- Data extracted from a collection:
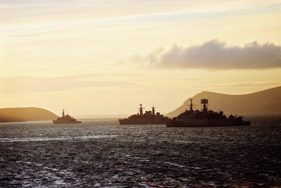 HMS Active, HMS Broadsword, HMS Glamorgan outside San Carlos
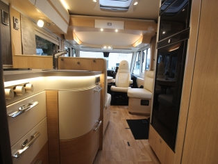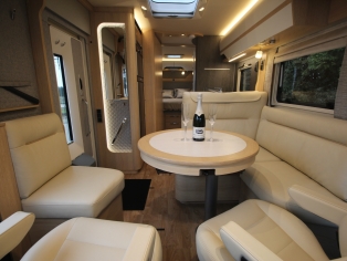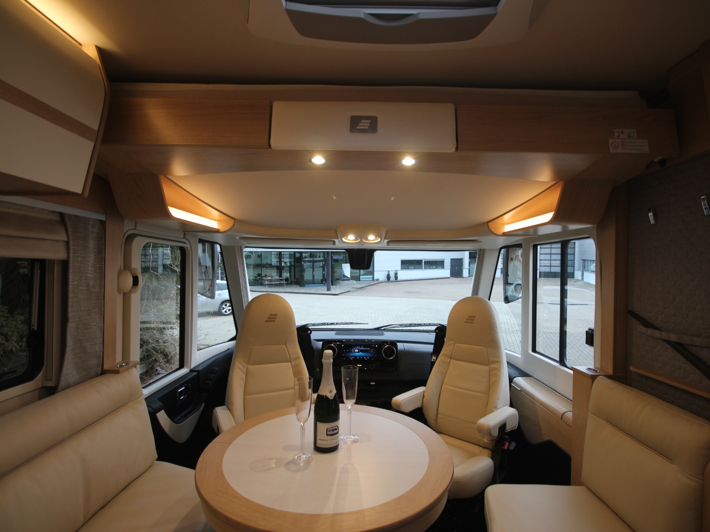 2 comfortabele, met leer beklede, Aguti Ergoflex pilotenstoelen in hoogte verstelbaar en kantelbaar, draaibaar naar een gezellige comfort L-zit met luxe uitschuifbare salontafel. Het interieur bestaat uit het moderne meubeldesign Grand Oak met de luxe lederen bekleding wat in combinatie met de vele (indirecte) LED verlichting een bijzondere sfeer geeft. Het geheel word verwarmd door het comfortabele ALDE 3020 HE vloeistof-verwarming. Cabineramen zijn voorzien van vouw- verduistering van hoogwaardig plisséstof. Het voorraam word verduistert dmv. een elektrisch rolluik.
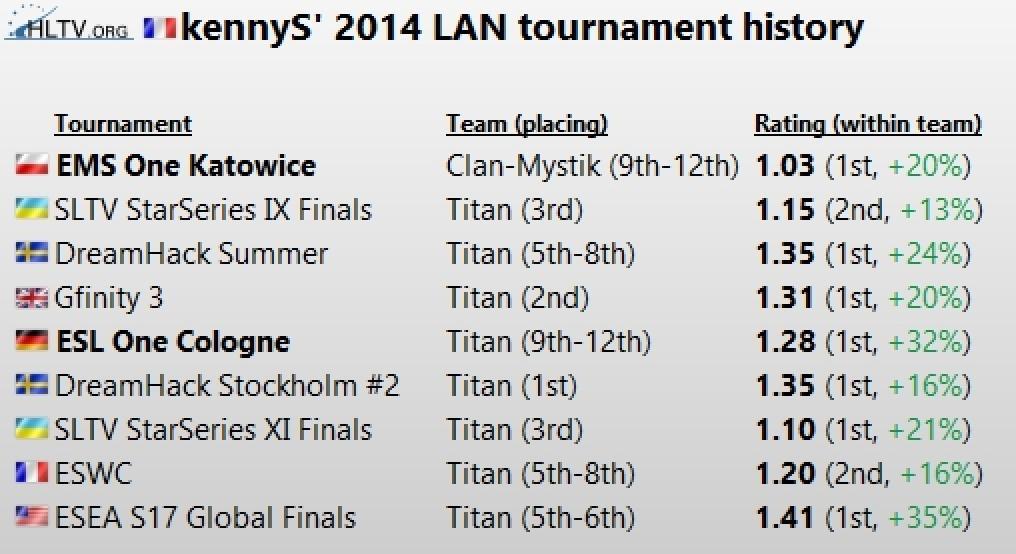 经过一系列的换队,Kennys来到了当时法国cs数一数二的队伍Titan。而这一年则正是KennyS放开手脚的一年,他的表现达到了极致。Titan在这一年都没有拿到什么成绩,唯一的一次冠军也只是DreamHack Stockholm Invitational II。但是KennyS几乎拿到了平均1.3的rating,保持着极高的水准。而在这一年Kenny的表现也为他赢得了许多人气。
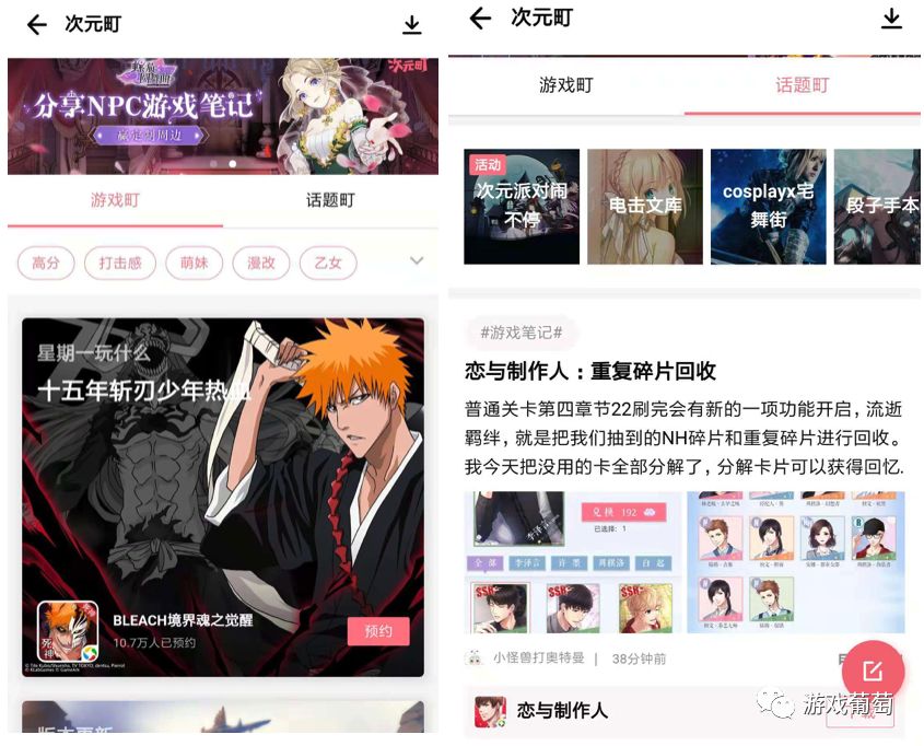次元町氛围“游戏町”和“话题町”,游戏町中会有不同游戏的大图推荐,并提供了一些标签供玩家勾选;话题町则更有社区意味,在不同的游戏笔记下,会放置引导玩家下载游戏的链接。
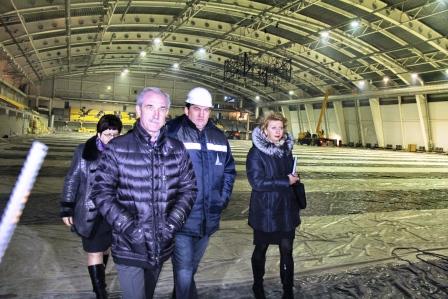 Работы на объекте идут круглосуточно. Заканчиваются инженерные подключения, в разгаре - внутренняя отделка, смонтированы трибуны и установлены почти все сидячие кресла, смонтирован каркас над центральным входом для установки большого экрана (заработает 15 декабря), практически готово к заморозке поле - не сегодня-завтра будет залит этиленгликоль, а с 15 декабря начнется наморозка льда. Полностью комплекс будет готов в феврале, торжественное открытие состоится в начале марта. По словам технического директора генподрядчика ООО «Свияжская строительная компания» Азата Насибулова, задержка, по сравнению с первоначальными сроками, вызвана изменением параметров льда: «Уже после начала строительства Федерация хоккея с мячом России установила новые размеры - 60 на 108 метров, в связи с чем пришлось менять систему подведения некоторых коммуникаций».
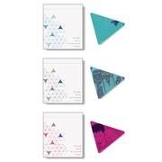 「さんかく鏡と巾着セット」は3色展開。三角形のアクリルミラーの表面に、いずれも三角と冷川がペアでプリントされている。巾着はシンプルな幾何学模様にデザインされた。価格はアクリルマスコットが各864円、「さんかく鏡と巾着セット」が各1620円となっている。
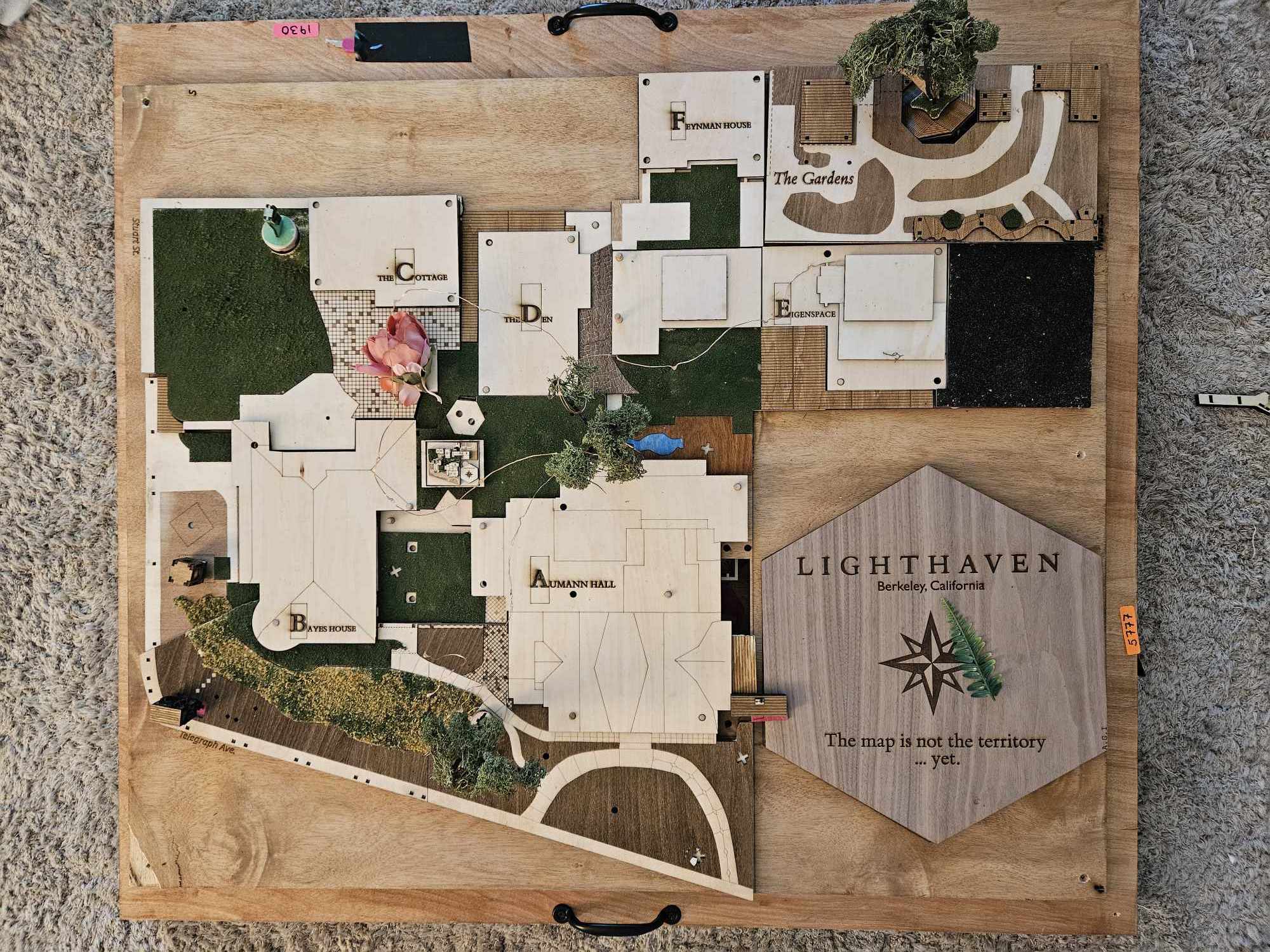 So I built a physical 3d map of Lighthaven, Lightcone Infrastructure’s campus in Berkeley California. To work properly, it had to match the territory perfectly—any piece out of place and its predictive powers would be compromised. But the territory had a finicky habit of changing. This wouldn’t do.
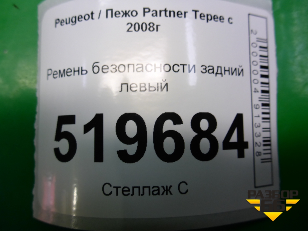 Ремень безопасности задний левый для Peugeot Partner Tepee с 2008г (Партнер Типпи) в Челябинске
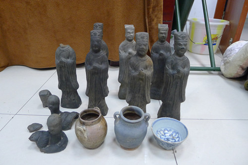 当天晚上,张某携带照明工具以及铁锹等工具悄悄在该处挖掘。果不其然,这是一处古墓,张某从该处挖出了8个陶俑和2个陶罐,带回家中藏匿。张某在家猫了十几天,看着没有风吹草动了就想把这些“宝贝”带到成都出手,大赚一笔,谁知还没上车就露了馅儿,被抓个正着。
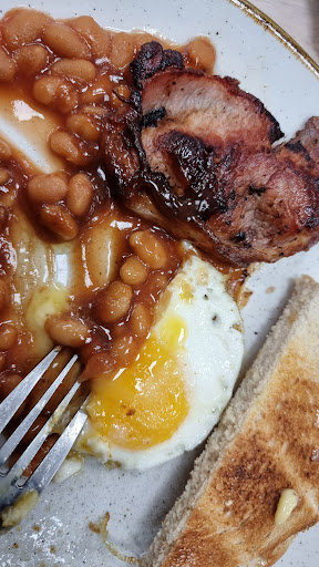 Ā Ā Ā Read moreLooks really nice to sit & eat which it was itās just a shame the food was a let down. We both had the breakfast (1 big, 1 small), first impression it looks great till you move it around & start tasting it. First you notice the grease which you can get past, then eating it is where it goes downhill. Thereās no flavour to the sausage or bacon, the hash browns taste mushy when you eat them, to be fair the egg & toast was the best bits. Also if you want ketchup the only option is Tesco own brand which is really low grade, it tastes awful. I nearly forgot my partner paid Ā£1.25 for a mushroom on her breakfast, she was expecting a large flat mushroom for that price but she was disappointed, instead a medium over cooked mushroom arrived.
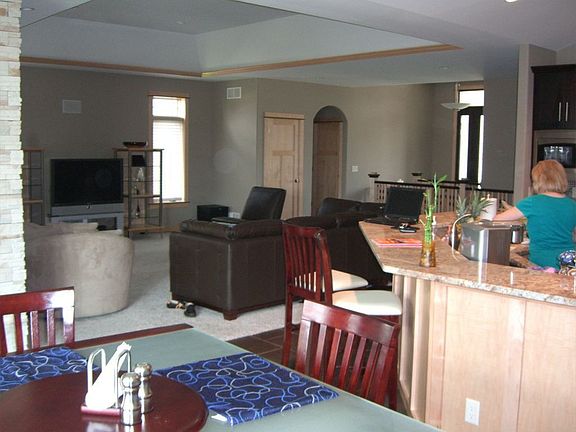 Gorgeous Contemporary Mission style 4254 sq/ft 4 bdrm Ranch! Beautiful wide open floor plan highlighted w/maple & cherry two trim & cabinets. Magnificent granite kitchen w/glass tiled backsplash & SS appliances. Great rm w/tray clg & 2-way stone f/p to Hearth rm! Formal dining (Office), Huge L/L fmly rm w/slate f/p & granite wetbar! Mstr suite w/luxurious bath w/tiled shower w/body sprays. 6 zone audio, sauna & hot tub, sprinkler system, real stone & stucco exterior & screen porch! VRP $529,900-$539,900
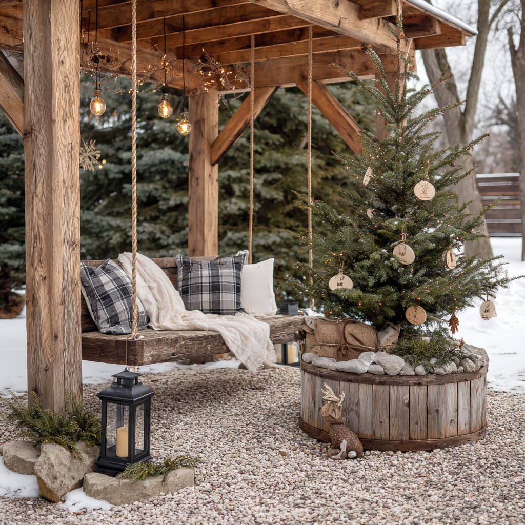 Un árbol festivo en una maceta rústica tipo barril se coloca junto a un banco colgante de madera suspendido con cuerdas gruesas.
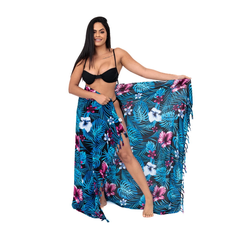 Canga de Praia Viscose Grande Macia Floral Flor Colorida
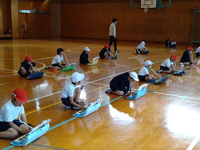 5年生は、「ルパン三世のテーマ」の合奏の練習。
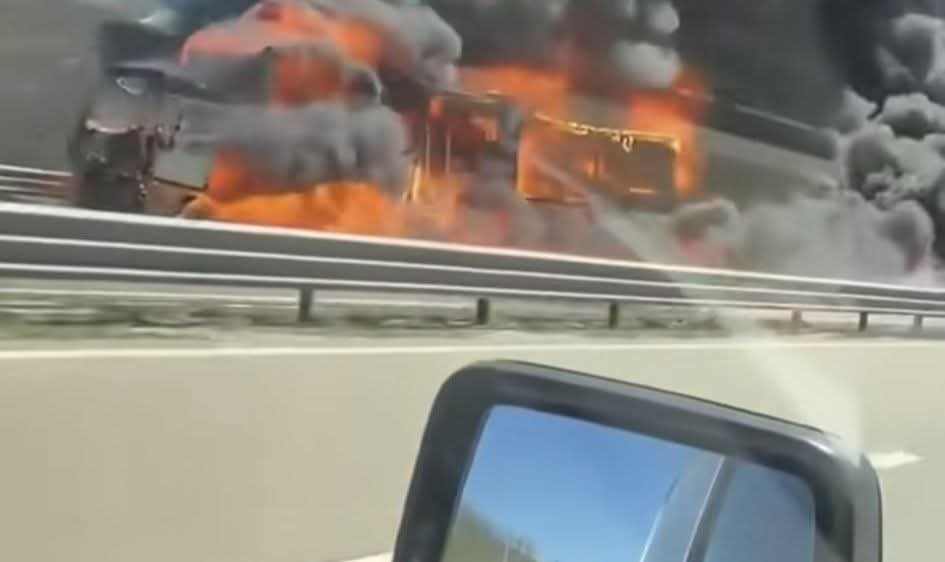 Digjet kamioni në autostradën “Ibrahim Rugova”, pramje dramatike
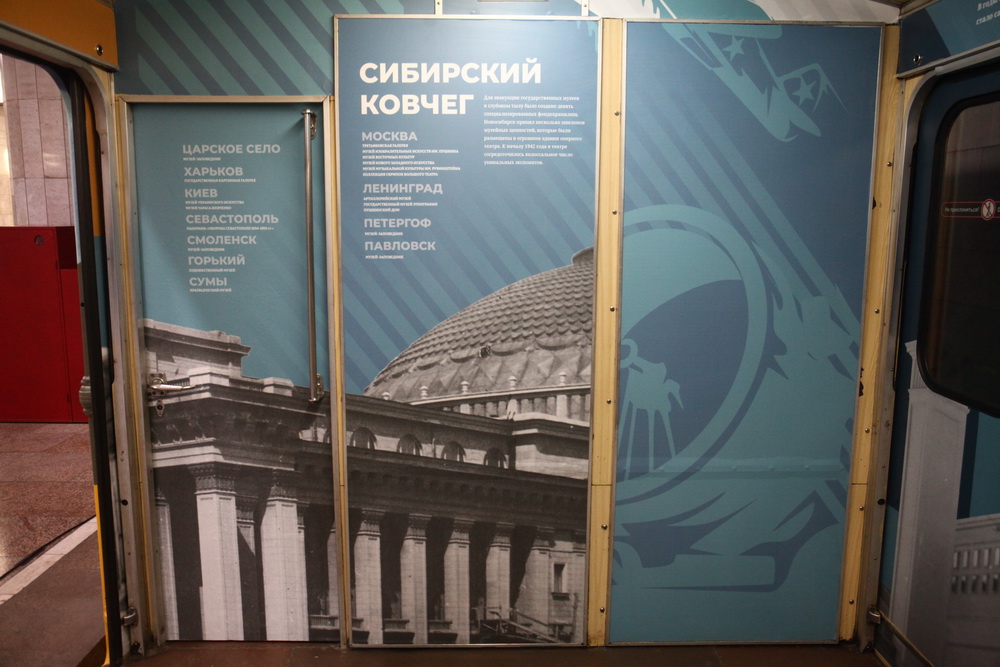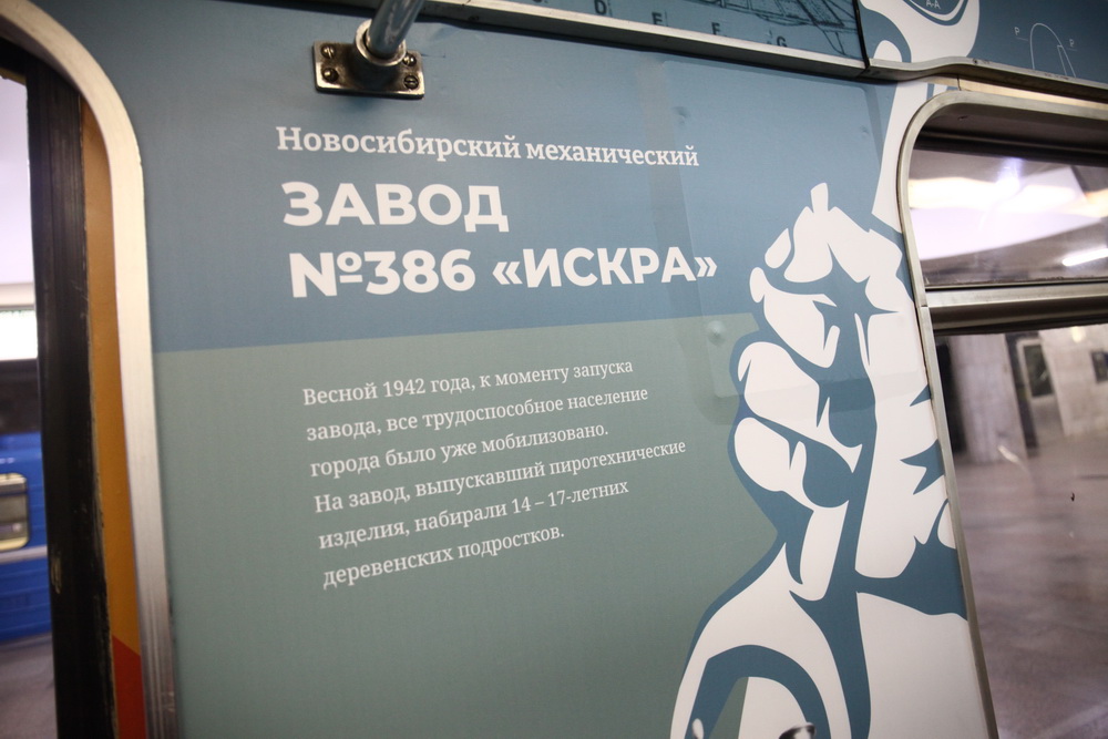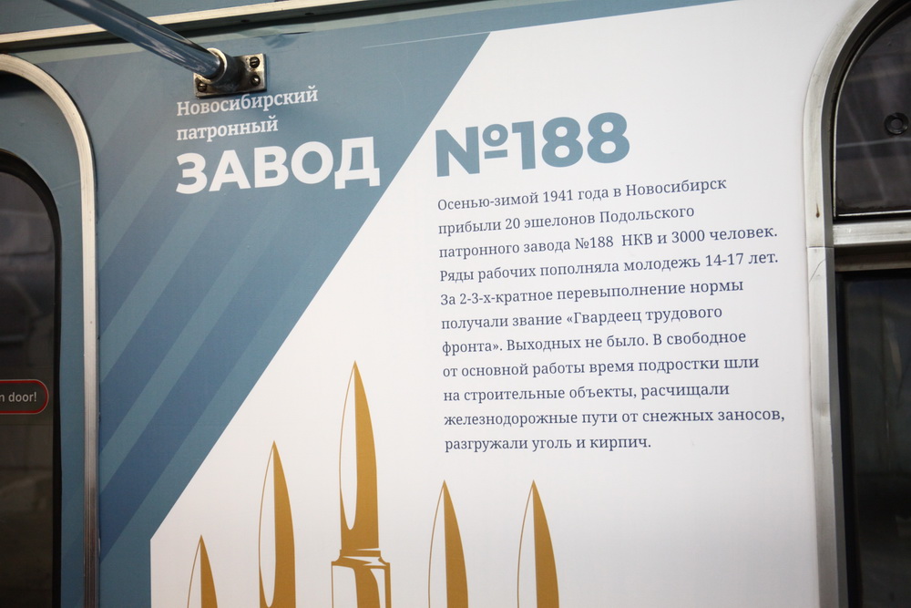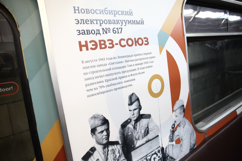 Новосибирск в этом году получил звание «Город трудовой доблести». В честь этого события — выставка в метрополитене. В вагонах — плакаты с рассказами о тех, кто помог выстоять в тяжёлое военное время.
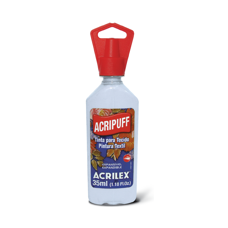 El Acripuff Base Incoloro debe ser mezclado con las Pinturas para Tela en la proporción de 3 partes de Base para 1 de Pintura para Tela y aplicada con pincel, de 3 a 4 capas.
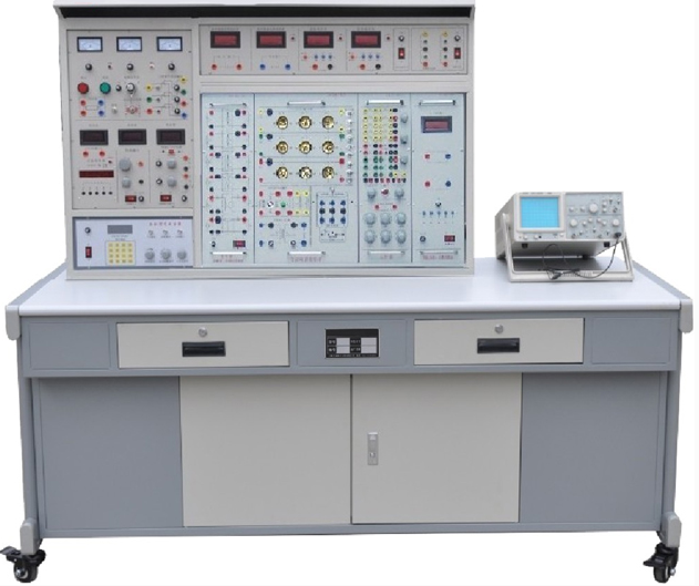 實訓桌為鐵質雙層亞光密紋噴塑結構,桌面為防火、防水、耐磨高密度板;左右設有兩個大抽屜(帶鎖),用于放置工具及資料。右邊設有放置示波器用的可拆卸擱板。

- How to complete this task:
Find the line that contains "Новосибирск в этом", then write out that line and each one after it, exactly and with nothing else, through the end of the entries above, without the pictures.

- Exercise response:
 Новосибирск в этом году получил звание «Город трудовой доблести». В честь этого события — выставка в метрополитене. В вагонах — плакаты с рассказами о тех, кто помог выстоять в тяжёлое военное время.
 El Acripuff Base Incoloro debe ser mezclado con las Pinturas para Tela en la proporción de 3 partes de Base para 1 de Pintura para Tela y aplicada con pincel, de 3 a 4 capas.
 實訓桌為鐵質雙層亞光密紋噴塑結構,桌面為防火、防水、耐磨高密度板;左右設有兩個大抽屜(帶鎖),用于放置工具及資料。右邊設有放置示波器用的可拆卸擱板。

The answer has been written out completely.